Yeah...right....knowing how to say COPY-PASTE in Mexico will surely help you get anywhere you want.

It could work... (3, Interesting)

jmcmunn (307798) | more than 9 years ago | (#11253132)


But they would have to change the content of the Sims to make it useful. There's only so much I can do in a foreign country when all I can say is "take out the garbage", "Go to work", and "Eat some food". The game play would have to be changed to allow me to actually do something aside from mundane chores over, and over and over again.

In theory, I think this could work. Remember the Speak and Spell from back in the 80's? I had one, and loved playing with it and making it say bad words (when my mom wasn't watching) while I was doing the exercises that came with the thing. Foreign language video games seems a logical progression from the days of old.

Re:It could work... (1)

JavaTHut (9877) | more than 9 years ago | (#11253163)

> can do in a foreign country when all I can say is
> "take out the garbage", "Go to work", and "Eat
> some food". The game play would have to be changed
> to allow me to actually do something

Unfortunately, that's more than most first year high school students are able to say anyway :(

Being able to read the popup menus describing things like careers and such is a little more advanced though.

Frammit (0)

Anonymous Coward | more than 9 years ago | (#11253137)

OK, how many folks initially thought this article was about learning Simlish?

Halo 2 in French? (4, Funny)

jcostantino (585892) | more than 9 years ago | (#11253138)

So were all of the people who downloaded early release copies of Halo 2 in French actually learning instead of just stealing? Sacre blu!!

Re:Halo 2 in French? (1, Funny)

Anonymous Coward | more than 9 years ago | (#11253308)

that'd be "sacre bleu" while we're learning.

(and I dunno how you do those accute accent things on the e of sacre. pointless foreign pretension anyway, all those little bits of crap around their letters).

The Sims (0)

Anonymous Coward | more than 9 years ago | (#11253157)

Tulema!!!!

Children learn English this way now (5, Interesting)

nekosej (302666) | more than 9 years ago | (#11253164)

In small European countries which don't benefit from having games translated into the local language, the children play them in English, and as a result, pick up quite a bit of written language.

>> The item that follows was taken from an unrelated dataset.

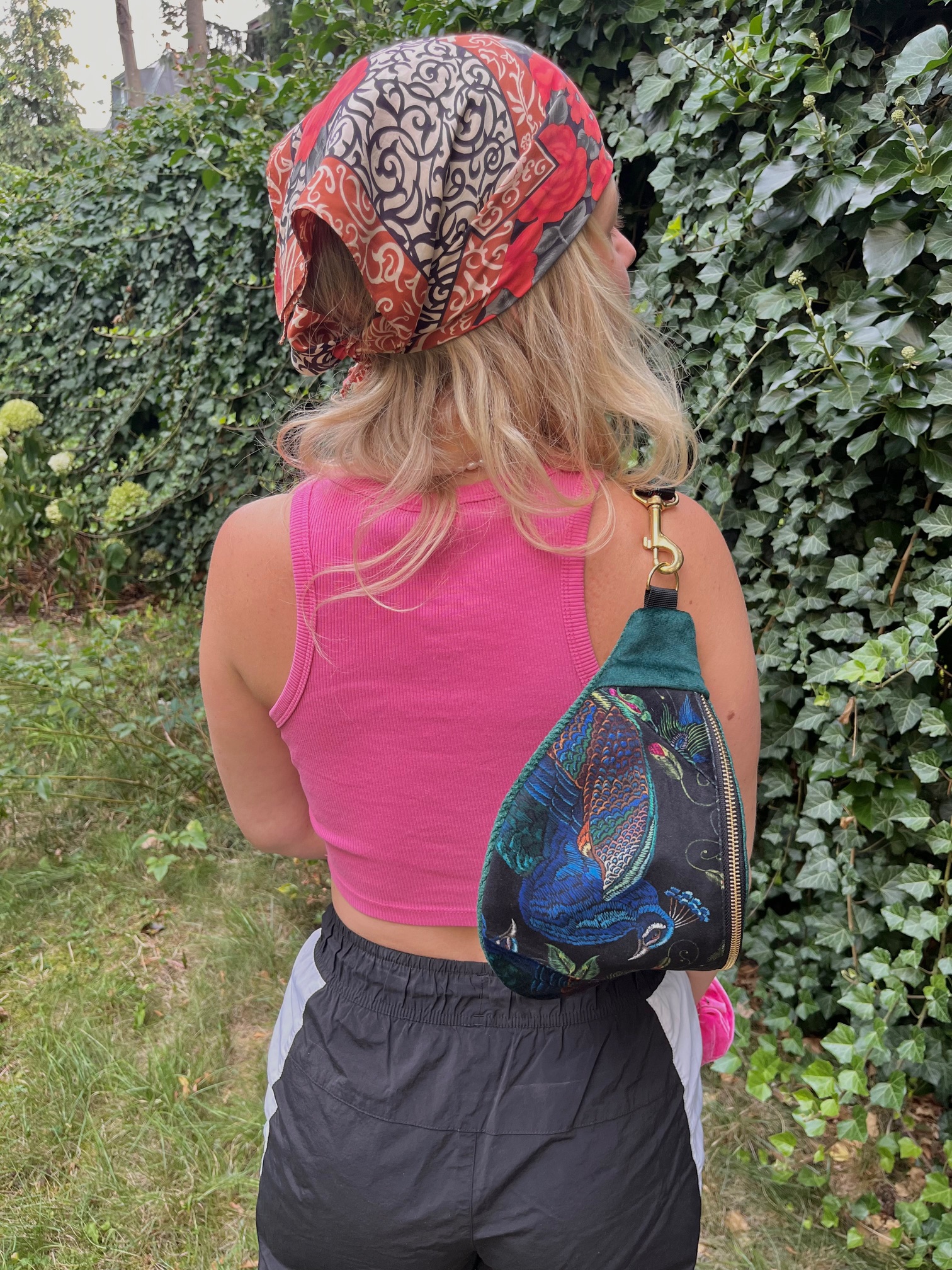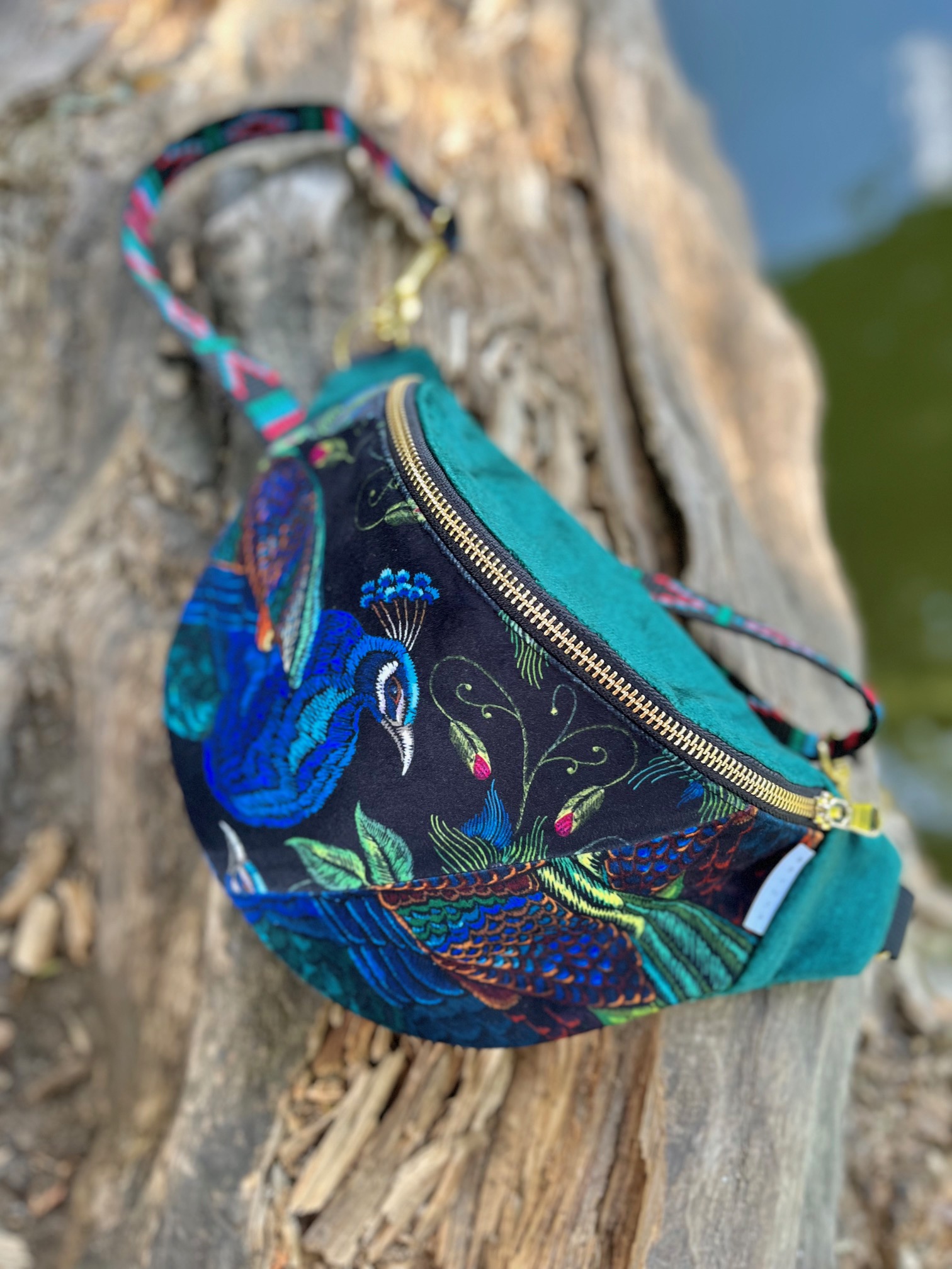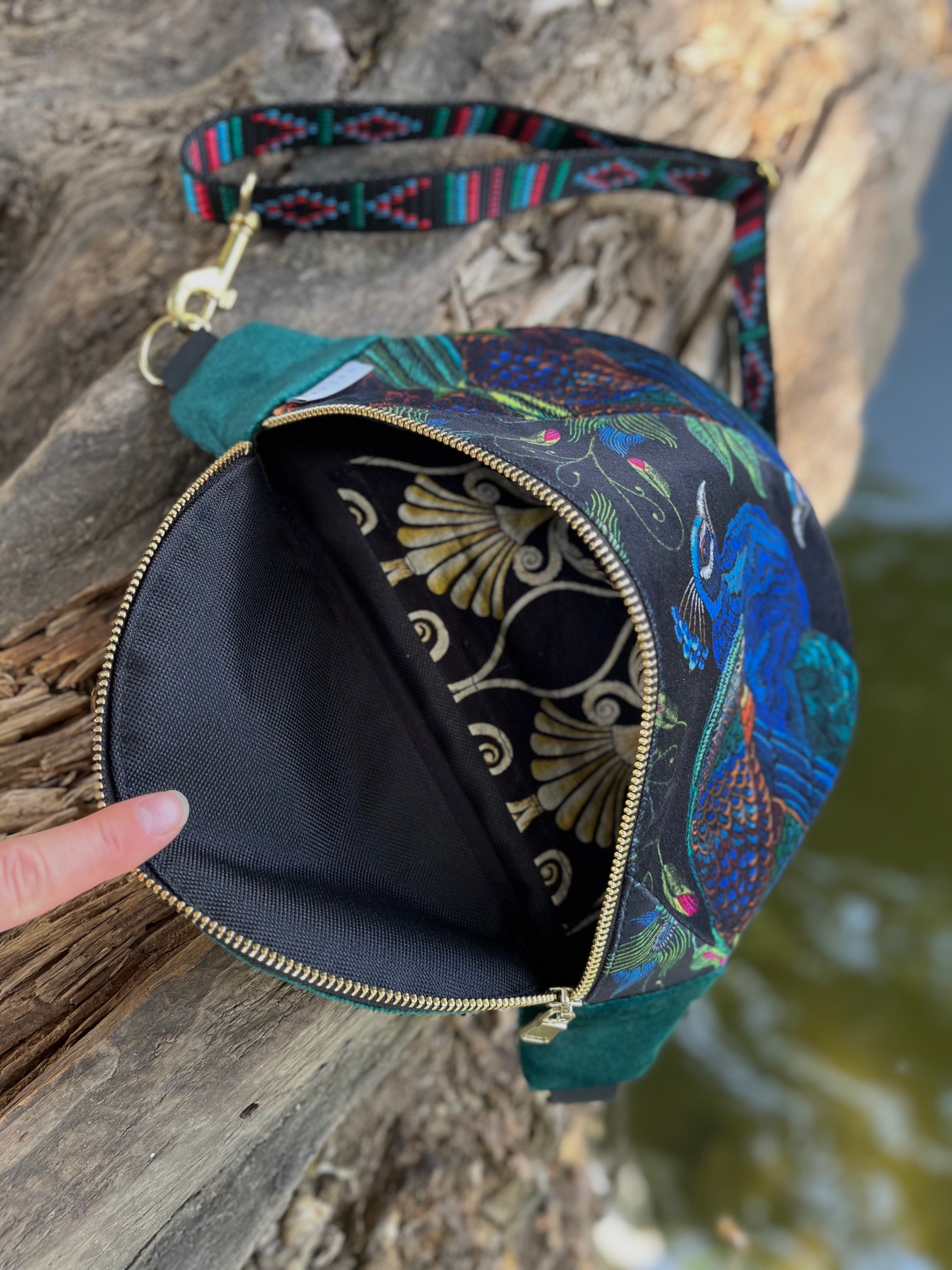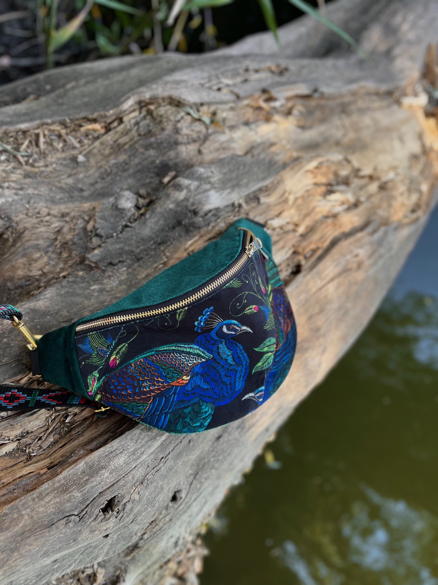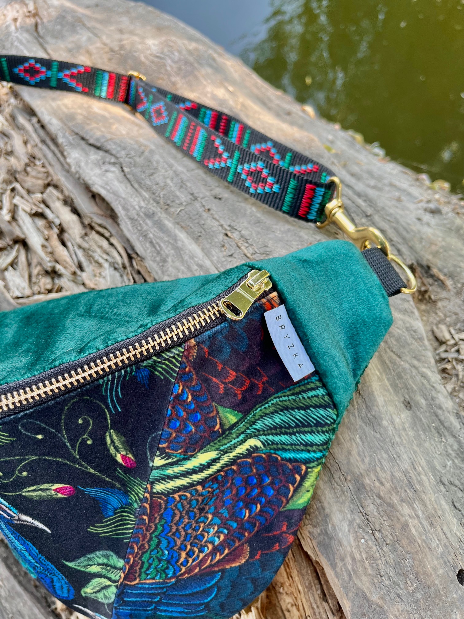 Nerka z motywem pawim, z pięknym wyróżniającym się pawiem w kolorze granatu. Zdobienia złote. Zamek ykk.

I've seen this in the Czech Republic, and found it amazing that a ten year old could understand so much. That said, it does little for spoken language.

Re:Children learn English this way now (4, Interesting)

NardofDoom (821951) | more than 9 years ago | (#11253202)

I spent a week living with a family in Denmark. All three of their kids knew enough english to have a conversation with me. Even the five year-old who was taught english in pre-school and exposed to English-language movies, TV shows and books.

The 10 and 13 year-olds could also speak German and French. Needless to say I felt like a stupid/ethnocentric American the whole week.

Re:Children learn English this way now (2, Interesting)

Dot.Com.CEO (624226) | more than 9 years ago | (#11253261)

Basically, middle-class Europeans speak at least English and, depending on the country, one more language. It is definitely a new phenomenon, I remember being amazed as a kid at people speaking English AND French, nowadays no eyebrow is raised at, for example, my speaking fluent Greek, English, Portuguese and French...

Re:Children learn English this way now (0)

Anonymous Coward | more than 9 years ago | (#11253372)

what I find perverse are these people giving up on their native language to speak English instead. English seems to have become the primary language in Scandinavia. I see Scandinavians speaking to each other in English, or speaking their own language in an American accent with half the words being from English.

Re:Children learn English this way now (2, Funny)

kutuz_off (159540) | more than 9 years ago | (#11253333)

When I was growing up, most of my English vocabulary came from Civilopedia.

Re:Children learn English this way now (1)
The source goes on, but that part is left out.